Let's convert to Hail's optimized storage format, a VDS, and re-run the command:
# ../hail/build/install/hail/bin/hail importvcf -f profile225.vcf.bgz write -o profile225.vds
hail: info: running: importvcf -f profile225.vcf.bgz
[Stage 0:========================================================>(64 + 1) / 65]hail: info: Coerced sorted dataset
hail: info: running: write -o profile225.vds
[Stage 1:> (0 + 4) / 65]
[Stage 1:========================================================>(64 + 1) / 65]
# ../hail/build/install/hail/bin/hail read -i profile225.vds \
annotatesamples expr -c \
'sa.nCalled = gs.filter(g => g.isCalled).count(),
sa.nHom = gs.filter(g => g.isHomRef || g.isHomVar).count(),
sa.nHet = gs.filter(g => g.isHet).count()' \
annotatesamples expr -c \
'sa.pHom = sa.nHom / sa.nCalled,
sa.pHet = sa.nHet / sa.nCalled' \
exportsamples -c 'sample = s, sa.*' -o sampleInfo.tsv
hail: info: running: read -i profile225.vds
[Stage 1:> (0 + 0) / 4]SLF4J: Failed to load class "org.slf4j.impl.StaticLoggerBinder".
SLF4J: Defaulting to no-operation (NOP) logger implementation
SLF4J: See http://www.slf4j.org/codes.html#StaticLoggerBinder for further details.
[Stage 1:============================================> (3 + 1) / 4]hail: info: running: annotatesamples expr -c 'sa.nCalled = gs.filter(g => g.isCalled).count(),
sa.nHom = gs.filter(g => g.isHomRef || g.isHomVar).count(),
sa.nHet = gs.filter(g => g.isHet).count()'
[Stage 2:========================================================>(64 + 1) / 65]hail: info: running: annotatesamples expr -c 'sa.pHom = sa.nHom / sa.nCalled,
sa.pHet = sa.nHet / sa.nCalled'
hail: info: running: exportsamples -c 'sample = s, sa.*' -o sampleInfo.tsv
hail: info: timing:
read: 2.969s
annotatesamples expr: 1m20.4s
annotatesamples expr: 21.868ms
exportsamples: 151.829ms
total: 1m23.5s
About five times faster! With regard to larger scale, running the same command on the Google cloud on a VDS representing the full VCF the 1000 Genomes Project (2535 whole genomes, about 315GB compressed) took 3m42s using 328 worker cores.
Hail also has a sampleqc
command which computes most of what you want (and
more!):
../hail/build/install/hail/bin/hail read -i profile225.vds \
sampleqc \
annotatesamples expr -c \
'sa.myqc.pHomRef = (sa.qc.nHomRef + sa.qc.nHomVar) / sa.qc.nCalled,
sa.myqc.pHet= sa.qc.nHet / sa.qc.nCalled' \
exportsamples -c 'sample = s, sa.myqc.*, nHom = sa.qc.nHomRef + sa.qc.nHomVar, nHet = sa.qc.nHet, nCalled = sa.qc.nCalled' -o sampleInfo.tsv
hail: info: running: read -i profile225.vds
[Stage 0:> (0 + 0) / 4]SLF4J: Failed to load class "org.slf4j.impl.StaticLoggerBinder".

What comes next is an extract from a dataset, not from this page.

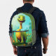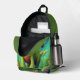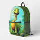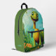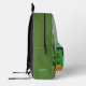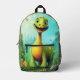 Niños monogramas de dinosaurio lindo Mochila impresa Un lindo dinosaurio sobre un fondo verde del bosque. El nombre de monograma personalizado se encuentra en el lateral y puede ser reemplazado por su propio nombre o texto personalizado. El regalo o accesorio perfecto para cualquier niño.

SLF4J: Defaulting to no-operation (NOP) logger implementation
SLF4J: See http://www.slf4j.org/codes.html#StaticLoggerBinder for further details.
[Stage 1:============================================> (3 + 1) / 4]hail: info: running: sampleqc
[Stage 2:========================================================>(64 + 1) / 65]hail: info: running: annotatesamples expr -c 'sa.myqc.pHomRef = (sa.qc.nHomRef + sa.qc.nHomVar) / sa.qc.nCalled,
sa.myqc.pHet= sa.qc.nHet / sa.qc.nCalled'
hail: info: running: exportsamples -c 'sample = s, sa.myqc.*, nHom = sa.qc.nHomRef + sa.qc.nHomVar, nHet = sa.qc.nHet, nCalled = sa.qc.nCalled' -o sampleInfo.tsv
hail: info: timing:
read: 2.928s
sampleqc: 1m27.0s
annotatesamples expr: 229.653ms
exportsamples: 353.942ms
total: 1m30.5s
Installing Hail is pretty easy and we have docs to help you. Need more help? You can get real-time support in the Hail users chat room or, if you prefer forums, the Hail discourse (both are linked to from the home page, unfortunately I don't have enough reputation to create real links).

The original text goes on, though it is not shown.